Abstract
Observations are at the core of natural sciences. Their results provide the evidence that forms the basis for the description of features, from which interpretations and inferences are made, and underlie the development of models that describe the processes that govern the natural universe. Management and exchange of observation data is thus central to eResearch.Many investigations in natural environment and resources require access to observational data originally collected and maintained for disparate purposes. For example, water resources investigations will commonly utilize observations from hydrology, meteorology and climate science, geology, geophysics, ecology etc. However, the different disciplines use differing practices and assumptions in data collection, and typically encode their data using different technologies or file formats. Even if data serialization is nominally standardized (e.g.
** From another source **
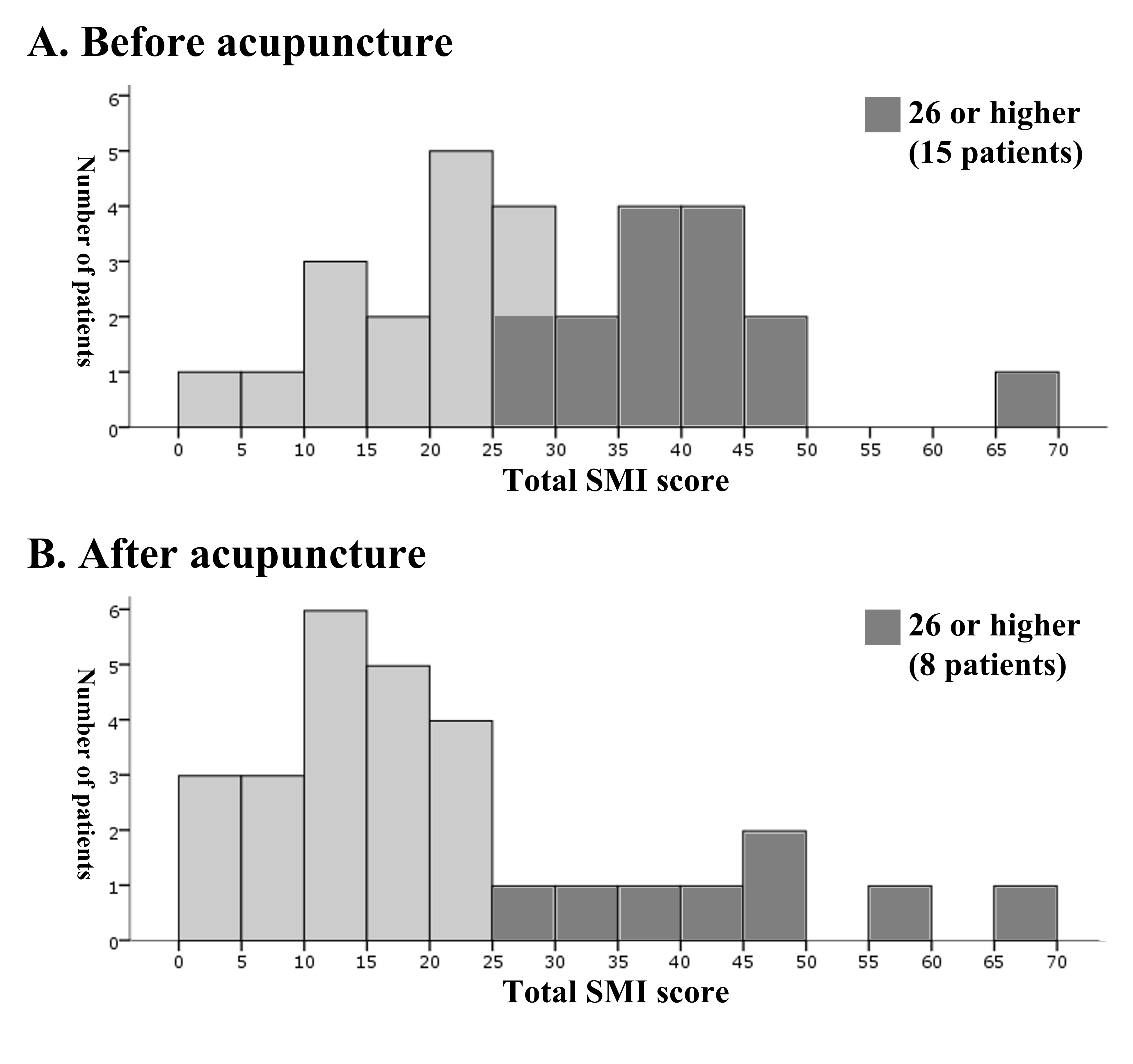 The mean time from the first visit to the fourth visit for 29 women was 6.9±3.0 weeks. Fifteen of 29 (52%) women had SMI subscale scores greater than or equal to 26. These participants were considered to have menopausal symptoms before the first acupuncture treatment. At the fourth visit before treatment, 7 (46.7%) of the 15 participants SMI scores reduced to below 26 (Figure 1), which is considered normal. For all 29 women, the mean (median)±SD SMI score of 28.8 (26)±14.2 before the first acupuncture treatment reduced significantly to 22.7 (18)±16.4 before the fourth acupuncture treatment (p=0.021). There was also a significant reduction in the SMI subscale score for the musculoskeletal symptoms category (p< 0.01). A significant increase in SMI scores was present in psychoneurological symptoms (p<0.01) and no significant change in the vasomotor symptoms was observed after the three acupuncture treatments (p=0.19) (Figure 2).

Excel spreadsheets; Access database; SQL dump) column order, labels or field names are unlikely to be shared.
We have developed a generic information model for observations and sampling. The aim is to define a number of terms used for measurements, and the relationships between them. These include observation, measurement, result, procedure, feature of interest, observed property, property type, coverage and related terms. The model has been tested against applications in a variety of earth and environmental sciences, and appears to be capable of capturing all the necessary information, when combined with domain-based feature-types and specialized observation procedures where necessary.
In many practical cases, observations are not made on the feature of ultimate interest to an investigation, because:
a. The feature is inaccessible (e.g. concealed, or too large for exhaustive observation)
- This introduces the concept of sampling, whereby observations are made on a subset of the complete feature, with the intention that the sample represents the whole
- However, there are sensible properties that may be combined and/or further processed to obtain an estimate of the property of interest
By exploiting these common patterns many components of information models are reuseable and repeatable, thus making seamless integration of disparate data sets much easier. It will also encourage the development of standard interfaces for observational data, and common processing and visualization systems.
The model has been formalized in UML and XML Schema, and published as an Open Geospatial Consortium standard. It leverages standard components for features and geometry from other OGC standards.